Former employees of forest giant Carter Holt Harvey and advertising leader Colenso BBDO have been convicted of offences involving secret payments of $243,000.

In the bribery case, brought by the Serious Fraud Office, Justice Geoffrey Venning yesterday sent former Colenso senior accounts director Adrian Hood to jail for two years.

The starting date of his sentence was deferred for two months to allow him to apply for home detention.

Hood, an advertising executive for 18 years, had worked himself up to a position of responsibility at Colenso, managing Carter Holt's customer loyalty programme, the judge said.

Carter Holt was a substantial client of Colenso, and former Carter Holt marketing manager Glen John Keeley and Hood had developed a relationship so that when Colenso decided to contract out its customer loyalty programme, companies owned by Hood and his family secured the business.

Between December 1999 and April 2003, Hood made 45 payments to Keeley as an incentive to keep the business.

Hood's returns from the scheme were far greater than the payments to Keeley, Justice Venning said in the High Court at Auckland yesterday.

In June last year, Justice Simon France jailed Keeley for 10 months.

Keeley pleaded guilty to one charge of accepting a secret commission and breaking the Secret Commissions Act, for which the maximum penalty is two years jail.

Justice Venning said yesterday he took Keeley's sentence into account when jailing Hood.

A jury had found Hood guilty of 45 counts of making secret payments to Keeley and Justice Venning said Hood's offending went against the public's perception that New Zealand business was largely free from corruption.

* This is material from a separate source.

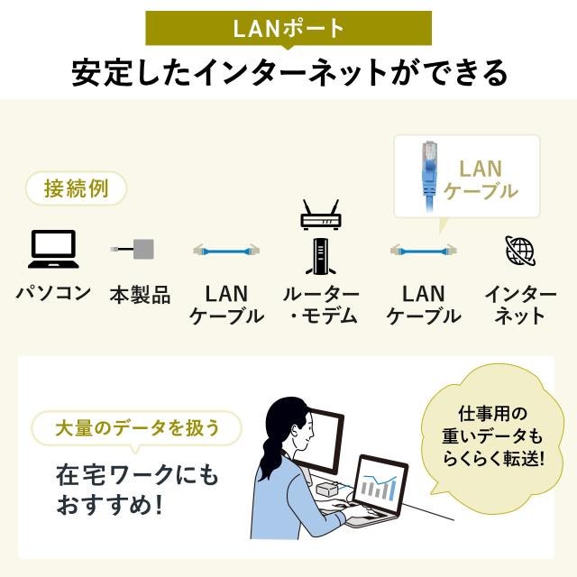 ※通信速度についてUSB3.2 Gen1(USB3.1/3,0)接続時のみ1000BASE-Tに対応します。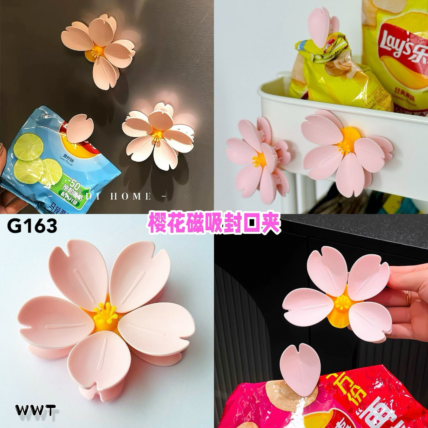 超萌樱花造型,吸住零食包超牢固!还能当冰箱贴,收纳又美观💕

"This sort of dishonesty, which is effectively bribery to continue a supply of business, is not at all commonplace and should not become so. Cases like this are rare," he told Hood.

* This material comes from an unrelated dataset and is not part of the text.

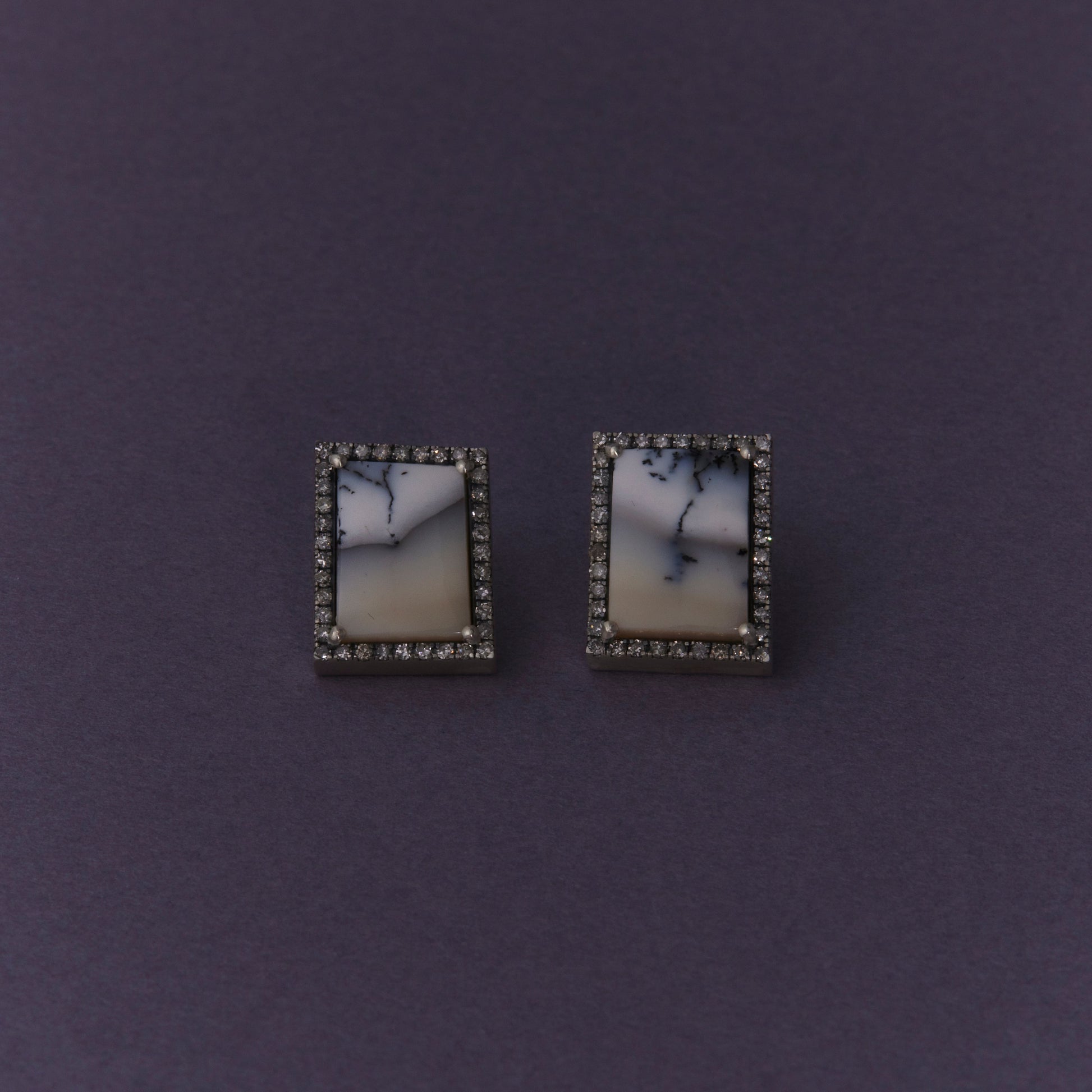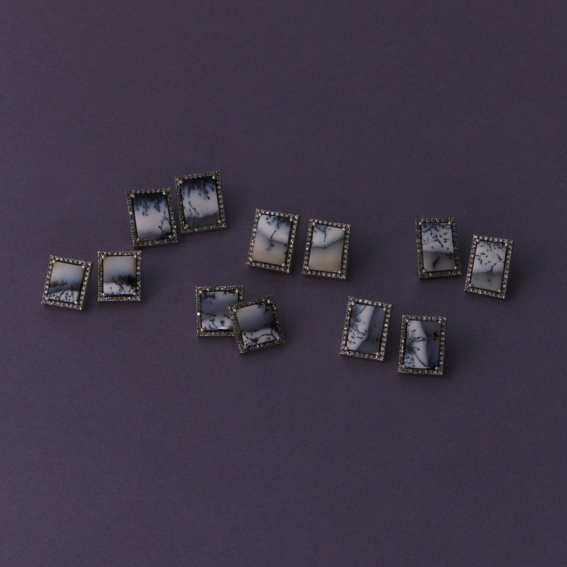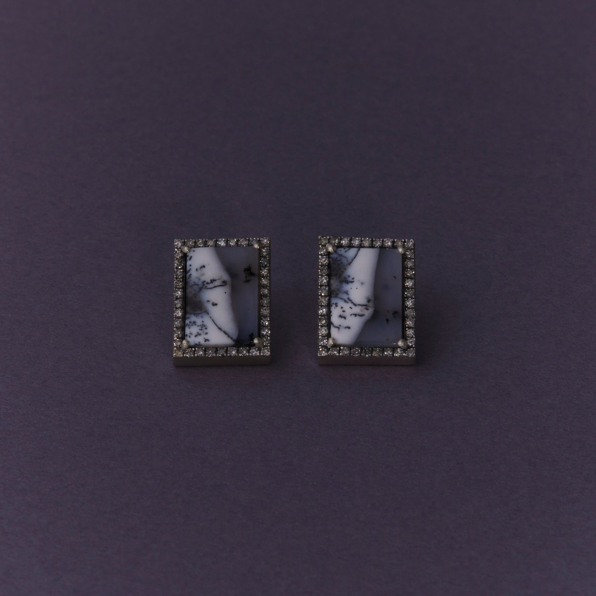 長年眠っていたデッドストックのストーンを使用しています。雪景色を映すデンドライトオパールをパヴェダイヤモンドで取り巻き、爪部分にオキシダイズド加工をほどこすことでヴィンテージピースのような風合いに。地金はリサイクルされたSilver925を使用、マットフィニッシュに柔らかな光沢を残しました。

"Before this fall from grace, you were a useful member of society."

Hood had sons aged 3 and 6, but his marriage had broken up and he was managing a hotel/motel business in Hamilton, the judge said.

Hood had demonstrated his willingness to get his life "back on track" by managing that business, whose owners hoped at some stage to go into business with him.

An emotional Hood held his face throughout the sentencing, nodded when the judge asked about his remorse and wept openly when mention was made of his former executive career and sons.

Defence lawyer Jeremy Bioletti said Hood's marriage and career were over and he had suffered condemnation from people.

That had taken a toll, leaving him with a siege mentality.

He had suffered "burnout" in his high-pressure role at Colenso, now suffered animosity from many people and his life had disintegrated.

Mr Bioletti asked for a shorter sentence of 12 to 15 months prison.

Prosecutor Mike Ruffin said Hood was classified at low risk of reoffending but the sentence should be longer than suggested by Mr Bioletti.